A deficiência da vitamina A leva a morte de um milhão de crianças por ano no mundo. Cerca de 40% dos meninos e meninas em países em desenvolvimento tem seu sistema imunológico comprometido, pois têm deficiência desta vitamina e cerca de 250 milhões destas, em idade pré-escolar, por todo o mundo são deficientes desta vitamina e cerca de 250 a 500 mil crianças ficam cegas todos os anos devido a sua carência. No Brasil, estima-se que 15% das crianças apresentam deficiência subclínica de vitamina A e que 4 mil crianças morram por ano devido a insuficiência desta. A deficiência severa de vitamina A é a principal causa de cegueira evitável em indivíduos de até 17 anos.

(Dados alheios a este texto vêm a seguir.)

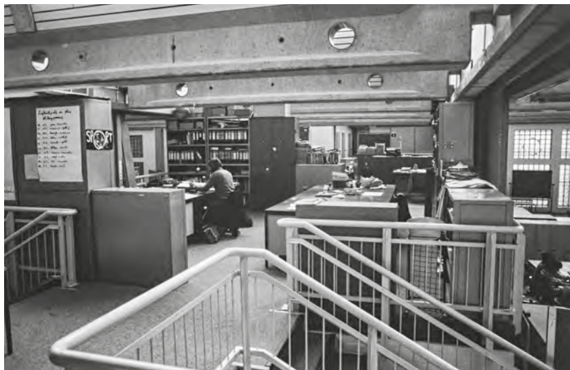
Abb. 1: Lehrer*innen-Arbeitsplatz auf einem Wich der Laborschule im Frühjahr 1978.

Pulk, als Sowis. Und die haben sich von Anfang an immer auch als Gruppe verstanden. Das war mit den Mathematikern anders, da waren die Leute mehr einzeln für sich.

Formas menos severas de deficiência de vitamina A não apresentam sinais externos, mas “abrem as portas” para diversas outras doenças e infecções. (ONU, 2015, UNICEF, 2004, UNICEF 2009, WFP, 2005).
A deficiência em vitamina A é um problema de saúde pública no Brasil, principalmente nas regiões Norte, Nordeste e Sudeste do país e nos estados de São Paulo, Minas Gerais, e Amazonas, sendo as crianças nordestinas as mais vulneráveis a sofrerem esta carência: entre 16% e 55% das crianças nordestinas sofrem de carência de vitamina A. (MILAGRES, NUNES, PINHEIRO-SANT’ANA, 2007)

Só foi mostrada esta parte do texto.